Some on the left think the answer is to ban public schools or make them prohibitively expensive. Some on the right think the way forward is to reintroduce the eleven-plus and bring back the grammar schools that gave the public schools a run for their money. But neither is really practical politics.

Some social changes seem to have been pushing in the direction of less not more social mobility and to be proving far more powerful than anything governments can do to counter them. David Willetts, the universities minister with a reputation as one of the cleverest intellectuals in politics, got into hot water last weekend when he suggested that feminism had been probably the major factor in slowing social mobility and that it had 'trumped' egalitarianism.

Mr Willetts was immediately attacked for 'blaming' stalled social mobility on women. Yvette Cooper, who speaks for Labour on women’s issues as well as being shadow home secretary, dismissed his remarks as 'nonsense' and said that if the Government was serious about social mobility it should focus again on issues like child poverty.
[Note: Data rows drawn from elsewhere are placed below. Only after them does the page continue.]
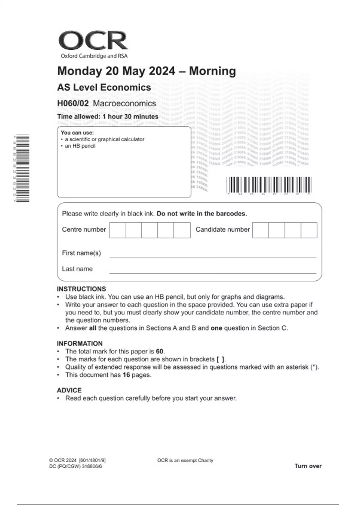 OCR AS Level Economics H060/02 JUNE 2024 QUESTION PAPER: Macroeconomics
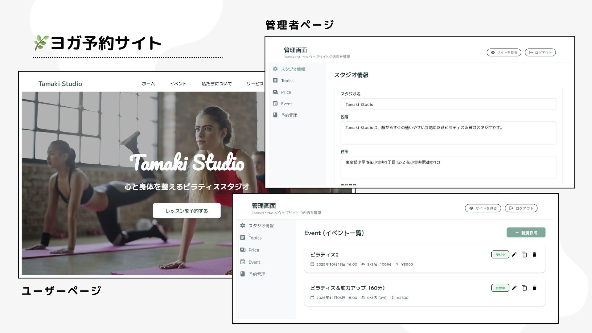 🌿ヨガ予約サイト ユーザーページ 管理者ページ
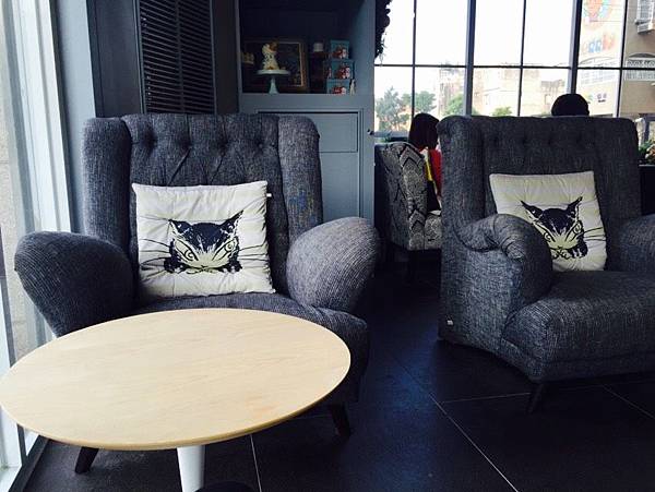 這單人沙發區座起來蠻舒服的,而且後面的抱枕還是達洋貓
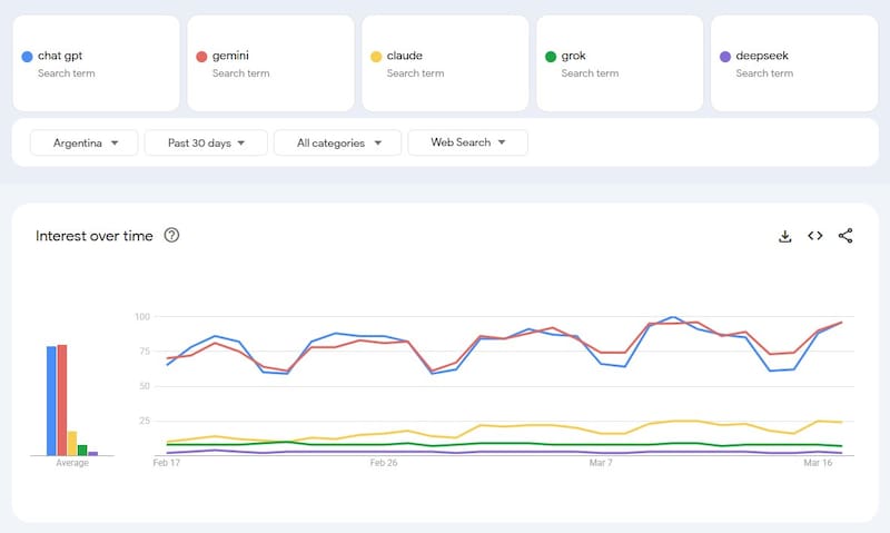 Los datos muestran un empate técnico constante. Son las dos inteligencias artificiales con mayor volumen de búsqueda, pero las dudas de los argentinos van por carriles distintos.
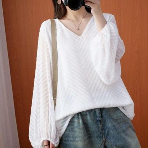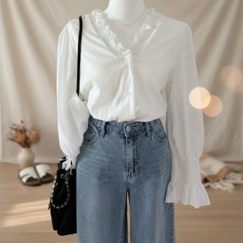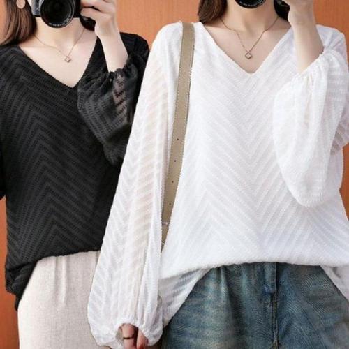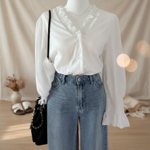[오너클랜]인기상품 여성용 시스루 쉬폰 브이넥 긴팔 벌룬 봄가을 화이트 블라우스 셔츠 [WFLLKC4_260305]

But Mr Willetts was unrepentant. He said that he wasn’t blaming anyone and that he was wholly in favour of the greater opportunities which feminism had brought many women. His case was an analytic one.

He pointed out that there had been a huge increase in the number of women going to university in the last forty years or so, and that there were now more young women than young men in university. Because people with degrees tend to want to marry other people with degrees, this growth in the number of women graduates means that it has become easier for male graduates to find graduate wives, and so more of them do so. Both partners then tend to land the higher paid jobs available to graduates, both tend to stay in work and so their children have a double head start, so to speak, over the children of non-graduates. This is one important way social mobility is being thwarted, he argued.
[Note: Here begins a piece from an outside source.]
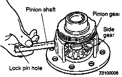 1. Align the lock pin hole in the pinion shaft with that in the case and install the lock pin.
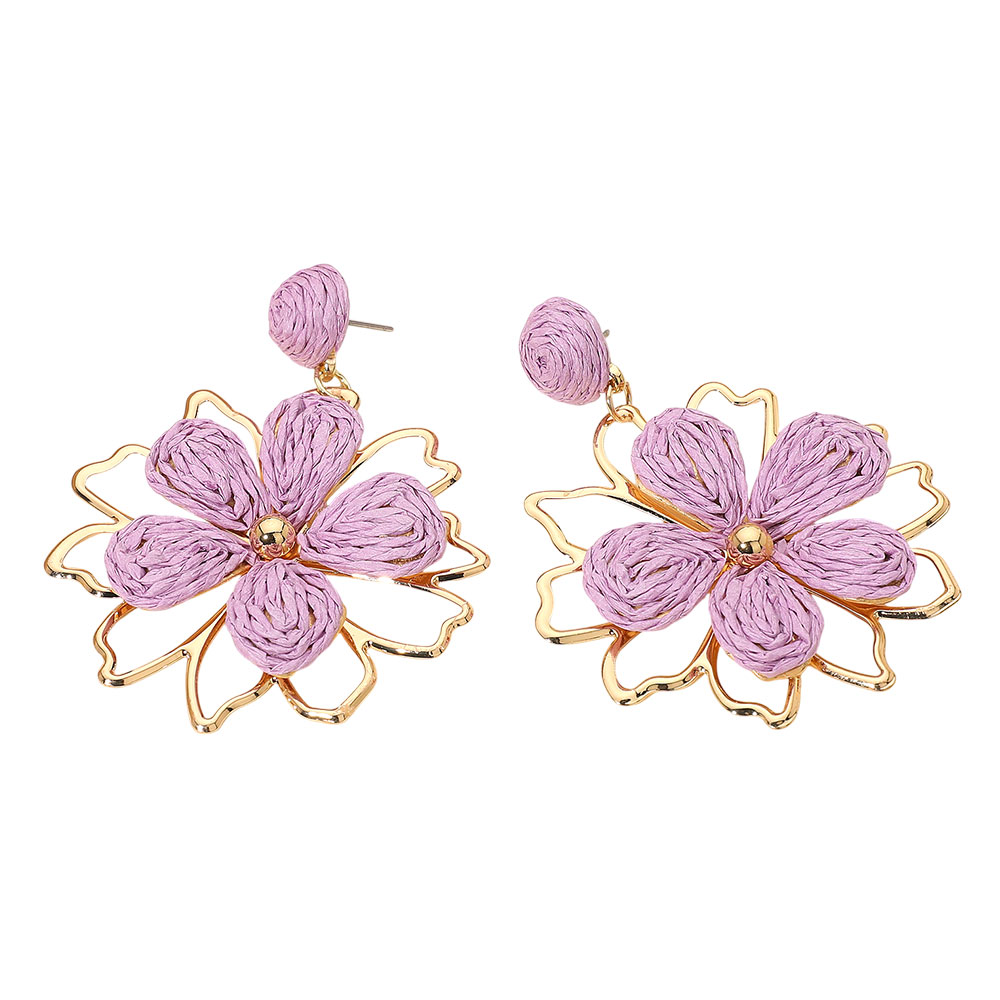Raffia Wrapped Floral Petal Dangle Earrings Raffia Wrapped Floral Petal Dangle Earrings

What he was describing was the unforeseen consequence of a social change, the liberation of women, which is in itself almost universally approved. Neither he nor anyone else is suggesting that women shouldn’t go to university or that graduates shouldn’t be able to marry each other.

So what can governments do? On Tuesday, the Coalition made some suggestions for improving mobility 'for the middle, not just the bottom'. It wants to help those middle class families that 'can’t afford private education and lack the right connections'. It wants to curb the pulling-strings culture that helps children from well-connected backgrounds get unfair advantages over others. It’s proposing a compact with business to open up unpaid internships to young people of all backgrounds rather being available only to those with the right connections. The civil service will do the same. It wants to improve access to the best universities.

Critics have accused Government ministers, especially Nick Clegg, of hypocrisy over this. He has admitted that he himself was helped by his father’s connections to get a place in a Finnish bank when he was starting out. Furthermore, as recently as January, a Conservative party fundraising event auctioned an internship at a hedge fund to raise money. Even those sympathetic to what the Government is trying to do don’t imagine it is likely to be sufficient to get social mobility going again.

I suspect that politicians of all parties are a bit stumped on what to do to improve social mobility and are open to any ideas anyone might have. If you’ve got any, let them know.

What’s your view?

  • Do you believe greater social mobility is a good thing or not?
  • Why do you think it has stalled?
  • What do you make of David Willetts’s argument that feminism may have trumped egalitarianism in thwarting social mobility? Should he have said it?
  • Do you think we need a more redistributive tax and benefit system to promote social mobility or do you think that route has been explored as far as it can go?
  • Do you think we should ban the public schools or bring back grammar schools?
  • How effective do you think the measures the government has announced will be in promoting greater social mobility?
  • Were ministers hypocritical to propose them?
  • And what do you think would be the single most effective measure that could be taken to speed up social mobility?